Todo inventado, por supuesto. En realidad no se acordaba bien de ninguno de ellos, pero eso no les impedía estar en posesión de una realidad más intensa que la de cualquier ser vivo, aparte del bebé, claro. Eran la piedra de toque ante la que debía definirse todo los demás y el modelo con el que, en comparación, todo lo demás fallaba. Excepto el bebé.
Era una desposeída, su vida entera era un acto de desposesión; anhelaba algo que ya no lograba recordar.
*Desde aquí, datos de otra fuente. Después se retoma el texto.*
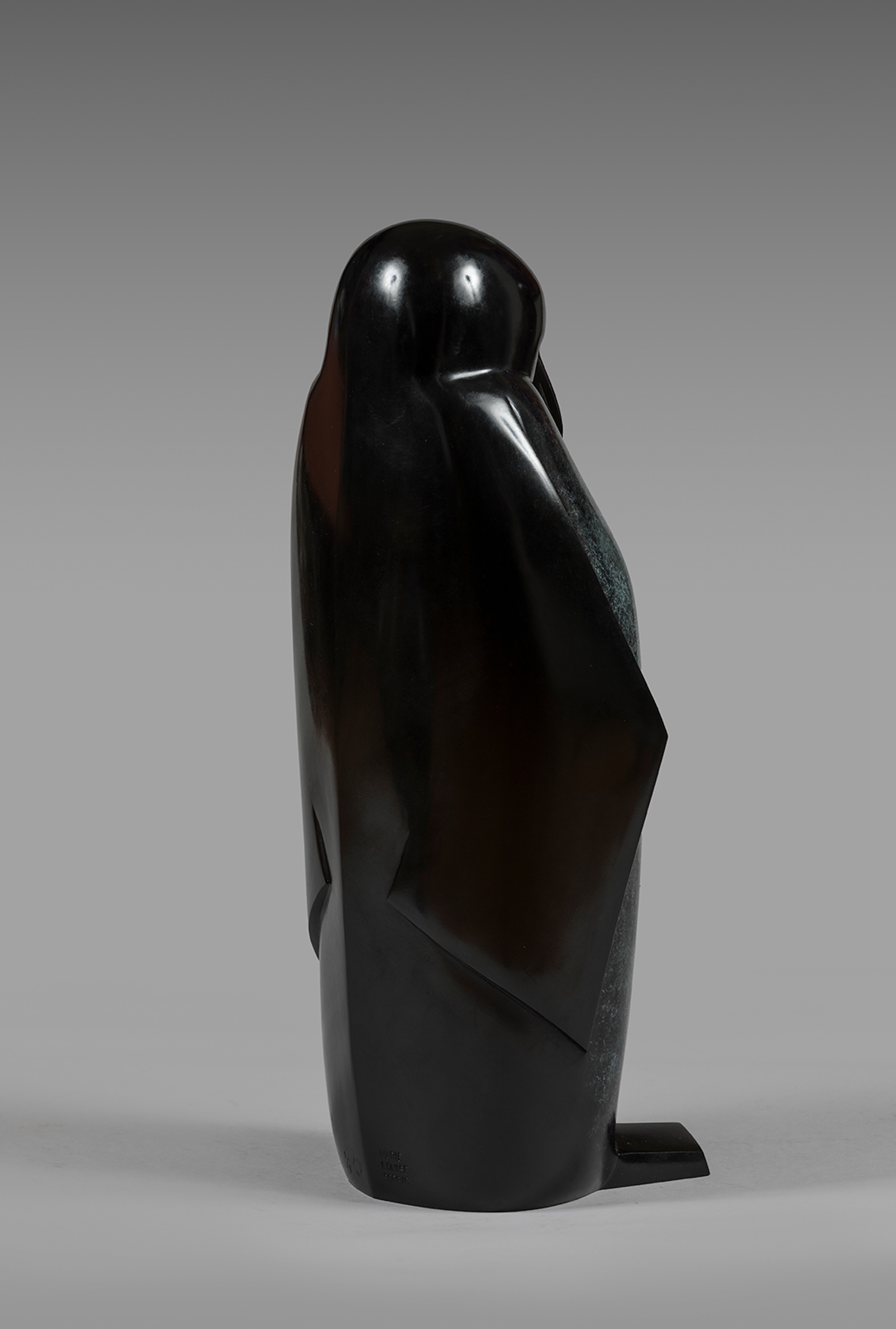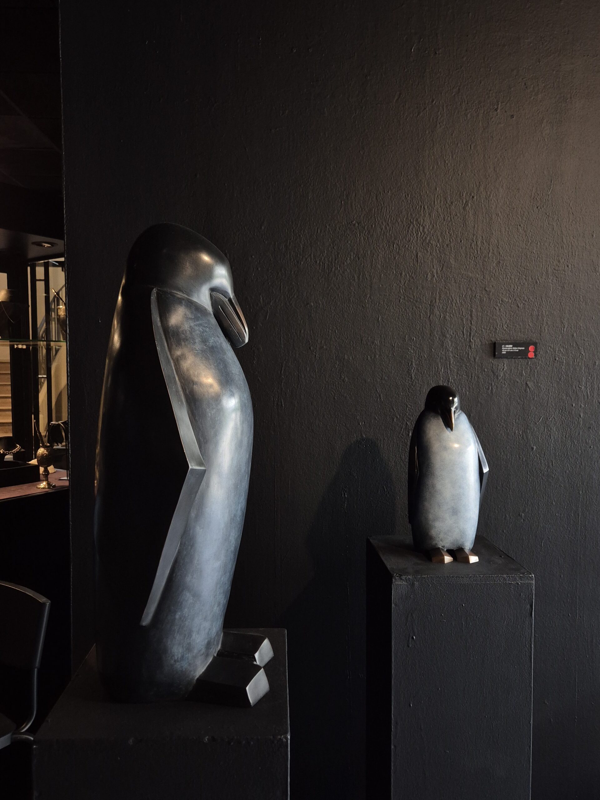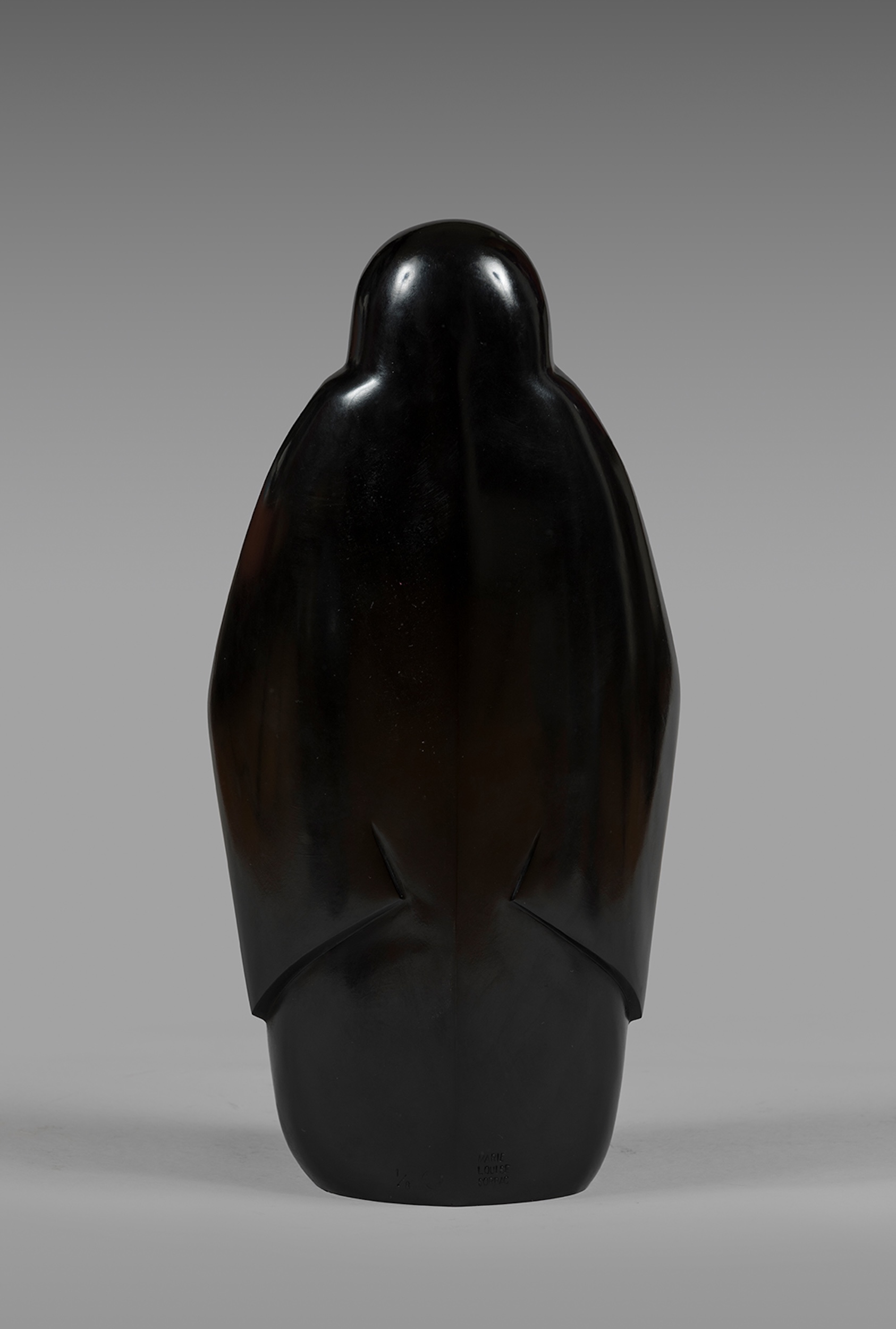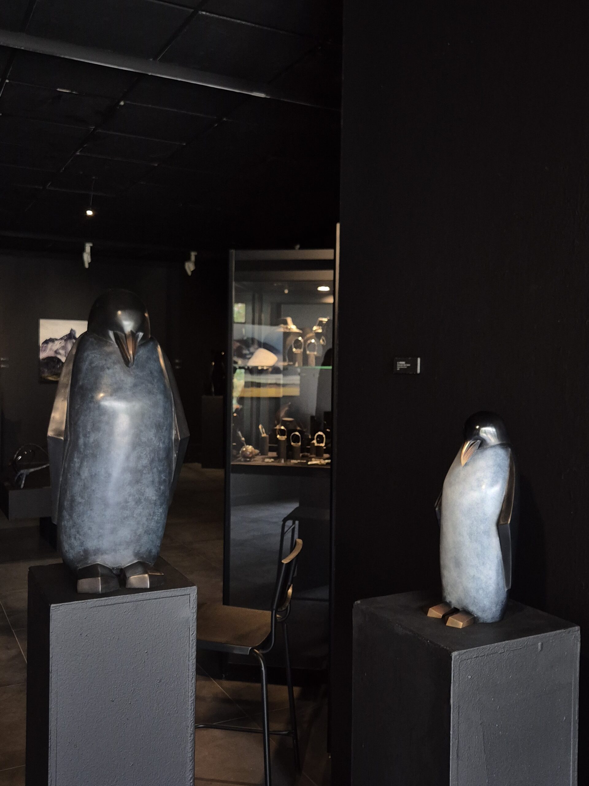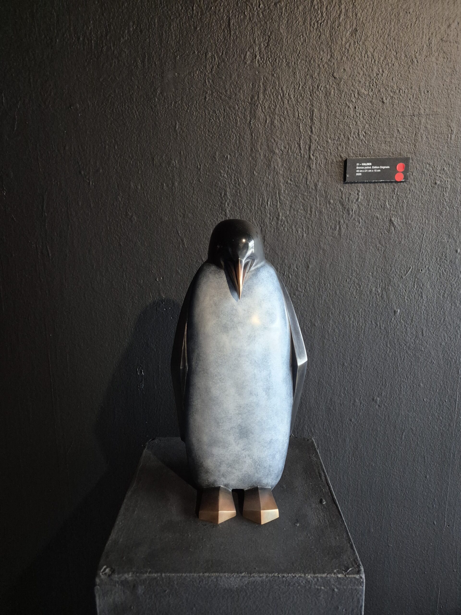 La sculpture met en valeur la silhouette classique du manchot : la tête et le dos, très polis et presque noirs, contrastent magnifiquement avec le bronze patiné gris bleuté et subtil de son ventre, créant une représentation à la fois naturaliste et stylisée.
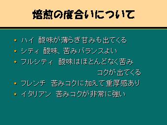コーヒー豆屋さんへ行くといろいろな色のコー ヒー豆があることに気付かれるでしょう。 これは焙煎の度合い(深さ)の違いによるもの です。焙煎が深いものほど色が濃く黒ぽっくな ります。これによりコーヒーの味・香りが変わっ てきます。(左図参照:イタリアンが一番深煎り なります。) 一般的に焙煎の度合いは8段階に分けられど の段階でコーヒー豆を仕上げるかは焙煎する 人にゆだねられます。 (左図:ハイ・ローストの前にライト、シナモン、 ミディアム・ローストがあります。) ですから同じ銘柄の豆でも店によって味が違っ てくるのです。 |
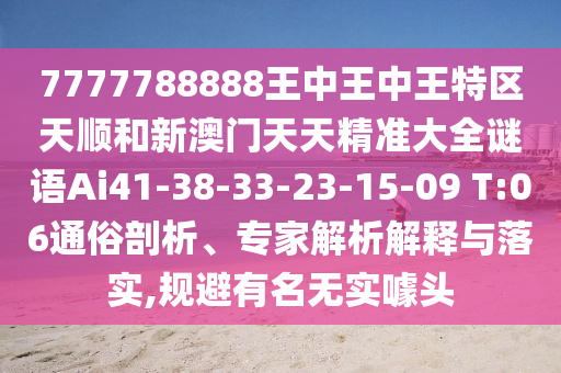 7777788888王中王中王特區(qū)天順和新澳門天天精準(zhǔn)大全謎語Ai41-38-33-23-15-09 T:06的通俗剖析、專家解析解釋與落實(shí)
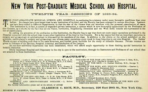 1894 Ad Post Graduate Medical School Hospital NY Faculty Listing 226 E 20th YBM2
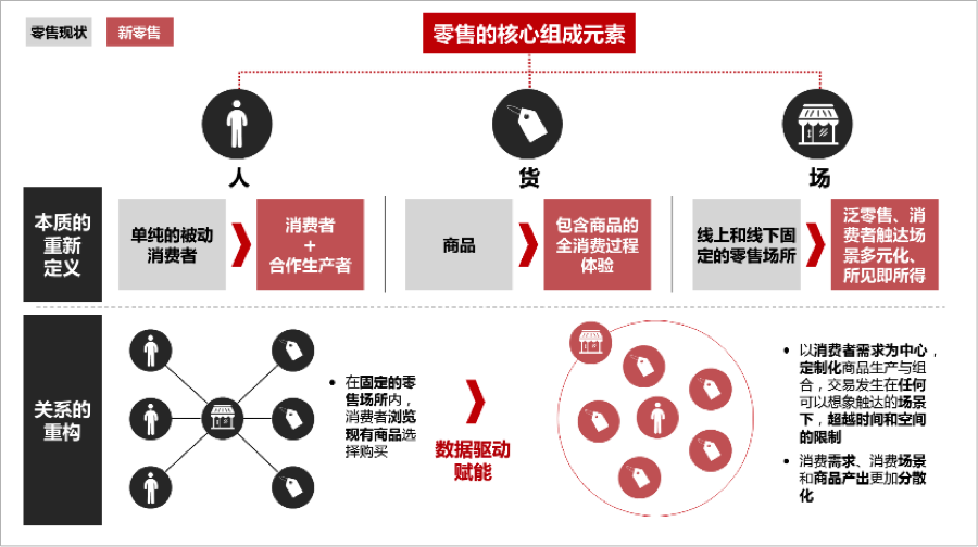 贝恩和阿里研究院这一次也试图进一步对新零售进行解读。我们认为首先它有两个层面,首先是在数据驱动的情况下,人货场这三个要素实现的重新的定义,人不是由原来的一个被动的接受的消费者,他既是消费者,又是生产者,在数据驱动化的情况之下,真正形成的品消共创的新型的人,帮助品牌持续的传播,这是一种新的人。
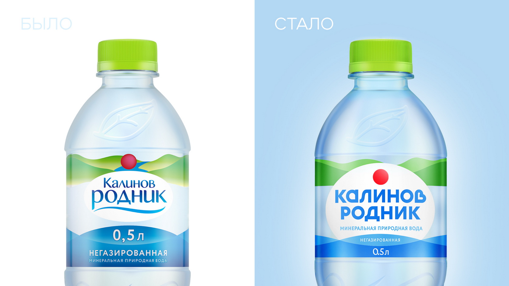 Чистота и природа во всем — таким принцип следовала команда BBDO. Композиция сбалансирована и не содержит лишних элементов, а цвета стали более мягкими и природными. При работе над этикеткой были переработаны, но сохранены важные элементы, которые подчеркивают именно природность и натуральность бренда «Калинов Родник»: одноцветные рельефы зелёных гор, русская ягода калина, которая осталась частью нового логотипа, спокойной природный голубой цвет волн.
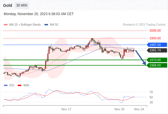 查看交易中心全球研究部门今日的市场观点。从受欢迎的交易产品中探索新的交易方法与机会。 欧元/美元英镑/美元黄金现货欧元/日元欧元/英镑美元/瑞郎德国DAX指数期货(urx)布伦特原油(IC)英国富时100指数期货 温馨提示:由于市场波动,价格可能已经越过关键点位,令策略失效。 黄金现货当日内:短期关键阻力位在1987.00
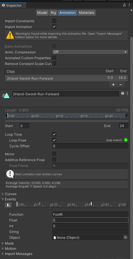 스토어에서 받아온 RPG 캐릭터 에니메이션에는 이미 이벤트 함수가 설정되어 있기 때문에, 실습에서 사용하는 애니메이션 클립의 이번트에 가서 이벤트 함수를 삭제한다.
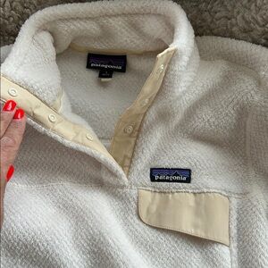 Stay cozy and stylish with the Patagonia Women's White Fleece Sweater. Perfect for chilly days, this sweater offers warmth and comfort.
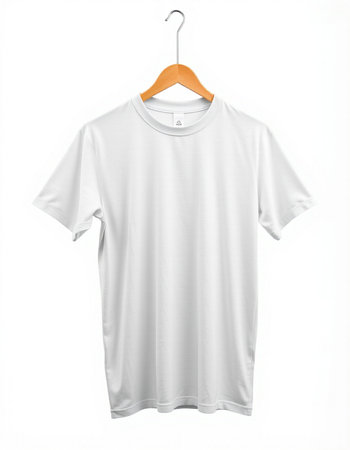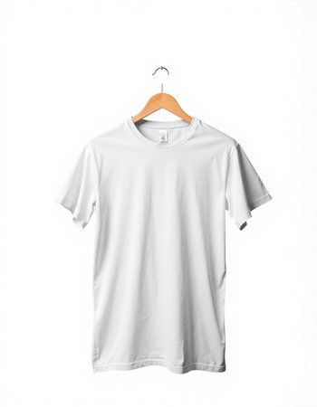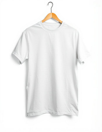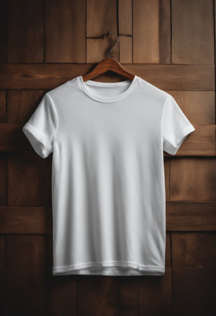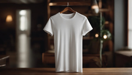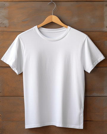 white t-shirt on wooden hanger. White tshirt mockup template. ai generated
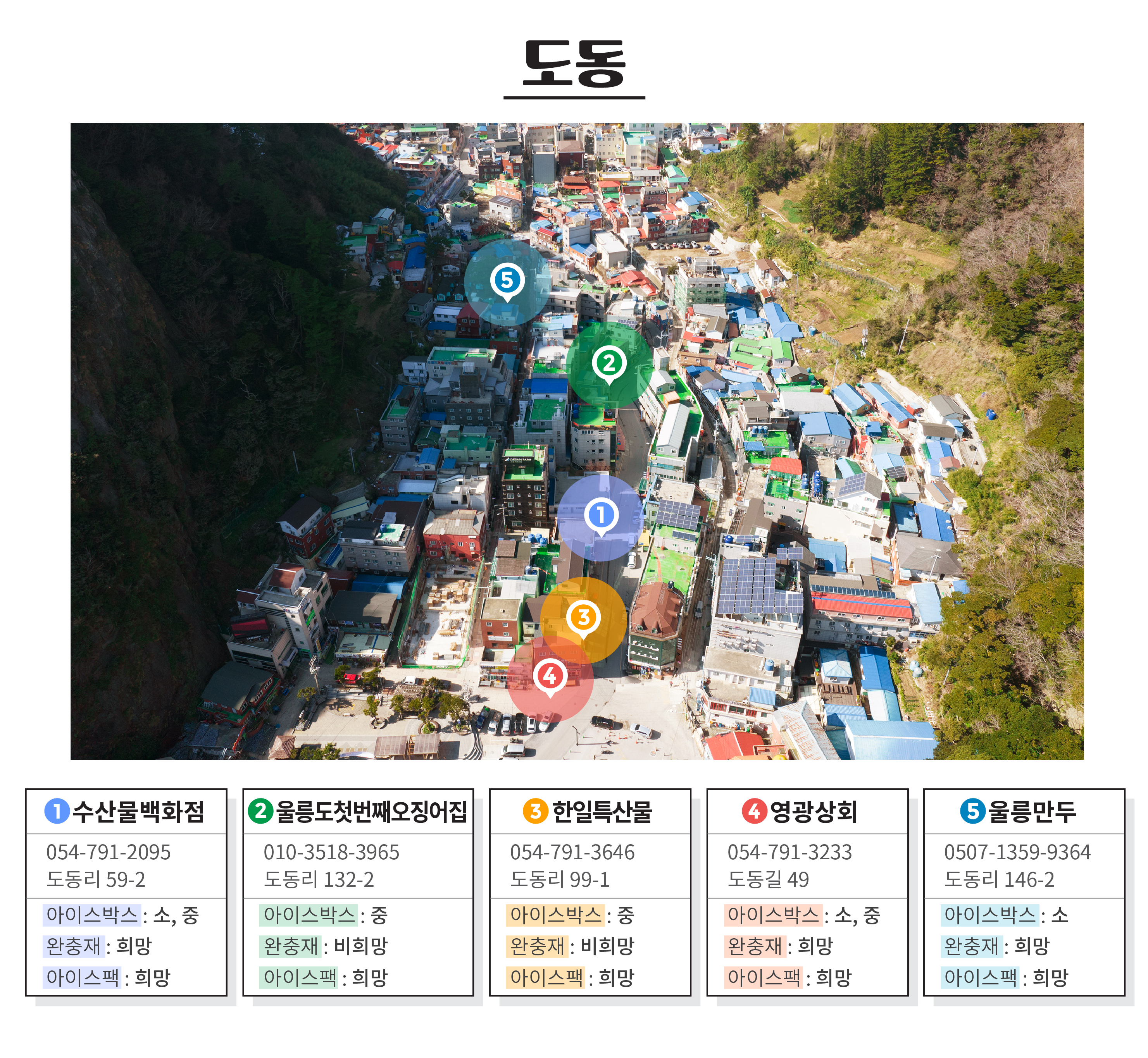 1)제보에는 한계가 있어 울릉군 내 모든 소상공인 중 기념품 및 농수산물 관련 업체 132개를 추린 후 직접 방문과 2차례~3차례 통화를 진행하였습니다.

A veces, en plena noche, en sueños, oía ladrar a su vieja perra y eso le acarreaba el recuerdo de un dolor tan atroz que la llevaba a preguntarse si debía matar al bebé y luego suicidarse; algo que los hiciera irse de forma dulce y pacífica, como la adormidera, para que nunca pudiera ocurrirle nada horroroso a su hijo. Un plan de emergencia para cuando estabas acorralada, para cuando no podías correr. Si no hubiese agujas, si no tuviera nada, taparía la cara del bebé con la mano y la dejaría ahí, y luego se ahorcaría. Siempre podía encontrarse la forma de ahorcarse. A veces requería un montón de autodisciplina. «Elsie Marley se ha vuelto muy señorita, ni para dar de comer a los cerdos deja la camita.»